EXTENDED DEADLINE Call for papers: "Organizational culture: new challenges of the digital society"

Deadline: March 15th, 2024. Español or English

Organizational culture as an aspect of study is an essential resource to interpret the needs of the organizations of our time. Organizations are experiencing frenetic changes in recent decades, and it will be important to read this evolution based on culture. We face an increasingly globalized and acculturated organizational world, in a continuous call for new approaches from the social sciences.

New trends in the work society gradually dilute the ties of the old corporation. Teleworking and intense digitalization allow more and more citizens to work from anywhere, while the office – an organizational icon of the 20th century – is no longer the axis of all activity. Furthermore, corporations currently face strong individualistic tendencies that challenge the cohesion of work teams (e.g. phenomena such as 'quite quitting' or 'job atomization').

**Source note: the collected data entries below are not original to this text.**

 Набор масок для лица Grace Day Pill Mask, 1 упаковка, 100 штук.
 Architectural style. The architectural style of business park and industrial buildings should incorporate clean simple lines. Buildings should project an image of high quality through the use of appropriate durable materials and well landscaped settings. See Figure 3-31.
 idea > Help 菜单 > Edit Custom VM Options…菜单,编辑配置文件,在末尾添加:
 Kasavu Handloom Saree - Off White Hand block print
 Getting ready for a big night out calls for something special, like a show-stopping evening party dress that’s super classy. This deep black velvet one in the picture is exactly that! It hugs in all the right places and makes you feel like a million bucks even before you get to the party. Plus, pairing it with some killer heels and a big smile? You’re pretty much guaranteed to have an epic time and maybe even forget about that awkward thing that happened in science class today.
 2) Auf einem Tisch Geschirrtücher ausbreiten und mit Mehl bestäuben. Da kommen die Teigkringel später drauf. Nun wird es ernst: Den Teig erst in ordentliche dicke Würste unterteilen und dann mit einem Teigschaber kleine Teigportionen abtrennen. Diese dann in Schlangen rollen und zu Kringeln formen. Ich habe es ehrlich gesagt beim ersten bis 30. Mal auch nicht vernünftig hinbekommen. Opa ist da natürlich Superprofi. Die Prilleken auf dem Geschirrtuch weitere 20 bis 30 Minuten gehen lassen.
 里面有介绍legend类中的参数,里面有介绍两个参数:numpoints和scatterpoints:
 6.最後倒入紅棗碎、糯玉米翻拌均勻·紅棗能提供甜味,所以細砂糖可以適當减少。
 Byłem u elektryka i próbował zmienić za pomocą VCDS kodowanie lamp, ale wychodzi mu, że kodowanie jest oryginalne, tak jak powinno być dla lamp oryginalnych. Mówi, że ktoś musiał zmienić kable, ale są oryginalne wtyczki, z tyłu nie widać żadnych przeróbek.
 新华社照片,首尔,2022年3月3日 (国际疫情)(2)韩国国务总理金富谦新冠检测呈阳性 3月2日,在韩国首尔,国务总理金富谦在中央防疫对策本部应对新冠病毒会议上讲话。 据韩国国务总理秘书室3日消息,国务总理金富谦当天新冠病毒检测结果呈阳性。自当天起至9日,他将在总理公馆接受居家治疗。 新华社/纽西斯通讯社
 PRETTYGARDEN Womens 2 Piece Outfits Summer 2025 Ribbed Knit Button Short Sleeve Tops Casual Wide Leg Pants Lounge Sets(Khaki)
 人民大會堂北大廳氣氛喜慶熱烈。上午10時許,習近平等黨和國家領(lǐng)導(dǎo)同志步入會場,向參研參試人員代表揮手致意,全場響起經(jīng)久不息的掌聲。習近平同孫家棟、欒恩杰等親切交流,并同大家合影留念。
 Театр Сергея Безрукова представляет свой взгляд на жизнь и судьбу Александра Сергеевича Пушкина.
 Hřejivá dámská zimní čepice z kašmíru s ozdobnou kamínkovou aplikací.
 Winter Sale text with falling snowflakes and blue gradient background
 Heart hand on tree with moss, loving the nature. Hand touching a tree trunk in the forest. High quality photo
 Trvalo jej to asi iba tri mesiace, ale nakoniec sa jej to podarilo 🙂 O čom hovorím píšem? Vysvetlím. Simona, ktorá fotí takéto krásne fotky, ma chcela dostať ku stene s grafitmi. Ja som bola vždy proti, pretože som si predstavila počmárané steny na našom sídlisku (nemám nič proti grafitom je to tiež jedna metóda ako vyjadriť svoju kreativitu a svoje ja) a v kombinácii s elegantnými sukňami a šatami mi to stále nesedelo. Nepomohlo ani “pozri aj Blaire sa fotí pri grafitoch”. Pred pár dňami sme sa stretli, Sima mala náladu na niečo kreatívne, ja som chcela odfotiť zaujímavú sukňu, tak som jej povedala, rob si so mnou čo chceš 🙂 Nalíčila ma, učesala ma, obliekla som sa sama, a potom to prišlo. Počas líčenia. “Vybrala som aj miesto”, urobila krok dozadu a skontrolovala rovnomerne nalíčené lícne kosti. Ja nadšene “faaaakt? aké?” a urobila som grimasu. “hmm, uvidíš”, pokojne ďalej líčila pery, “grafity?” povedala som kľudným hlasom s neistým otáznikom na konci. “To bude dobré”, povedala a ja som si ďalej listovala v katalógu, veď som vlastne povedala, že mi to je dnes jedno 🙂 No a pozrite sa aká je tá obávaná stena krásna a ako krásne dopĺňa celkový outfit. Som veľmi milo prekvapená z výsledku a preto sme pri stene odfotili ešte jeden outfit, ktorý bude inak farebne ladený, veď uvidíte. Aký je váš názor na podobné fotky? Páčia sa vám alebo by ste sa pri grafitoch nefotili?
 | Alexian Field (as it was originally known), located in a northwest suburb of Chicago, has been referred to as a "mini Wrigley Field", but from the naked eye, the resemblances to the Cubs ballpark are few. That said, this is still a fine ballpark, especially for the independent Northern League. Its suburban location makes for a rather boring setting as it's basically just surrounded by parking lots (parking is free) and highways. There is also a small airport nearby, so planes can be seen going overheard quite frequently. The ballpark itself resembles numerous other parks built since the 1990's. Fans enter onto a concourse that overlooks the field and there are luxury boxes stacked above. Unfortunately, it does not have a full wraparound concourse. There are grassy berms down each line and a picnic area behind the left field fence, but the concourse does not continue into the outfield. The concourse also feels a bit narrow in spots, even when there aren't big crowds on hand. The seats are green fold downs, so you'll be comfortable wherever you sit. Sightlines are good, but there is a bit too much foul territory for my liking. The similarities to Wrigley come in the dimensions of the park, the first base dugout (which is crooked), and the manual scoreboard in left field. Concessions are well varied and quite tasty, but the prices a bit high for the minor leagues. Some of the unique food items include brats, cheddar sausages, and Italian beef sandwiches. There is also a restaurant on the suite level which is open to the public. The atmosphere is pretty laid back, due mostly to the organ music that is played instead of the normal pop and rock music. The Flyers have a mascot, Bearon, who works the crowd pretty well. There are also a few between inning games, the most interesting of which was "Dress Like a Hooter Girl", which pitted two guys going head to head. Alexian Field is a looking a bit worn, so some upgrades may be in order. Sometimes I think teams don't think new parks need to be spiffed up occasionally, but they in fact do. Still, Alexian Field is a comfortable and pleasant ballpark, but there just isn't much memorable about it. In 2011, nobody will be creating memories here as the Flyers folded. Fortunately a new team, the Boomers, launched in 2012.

All of this leads us to rethink the role of organizational culture in the immediate future. Will strengthening corporate culture lead to success again? This is what happened in the 1980s, when authors such as Ouchi, Schein, Smircich or Peters and Waterman convinced the management world that managers capable of uniting their teams and the solidity of their values, through strengthening culture, would dominate the end of the last century. Will a new wave be able to solve the loss of cohesion of organizations in the 2020s? Or should the corporation give ground to new organizational trends?

Through this call, we aim to collect papers that respond to these questions, and/or allow us to open the intense debate underway. To this end, we are interested in the contributions of both academics, managers and professionals from the business world,  being their approach to the organization from cultural approaches the common denominator.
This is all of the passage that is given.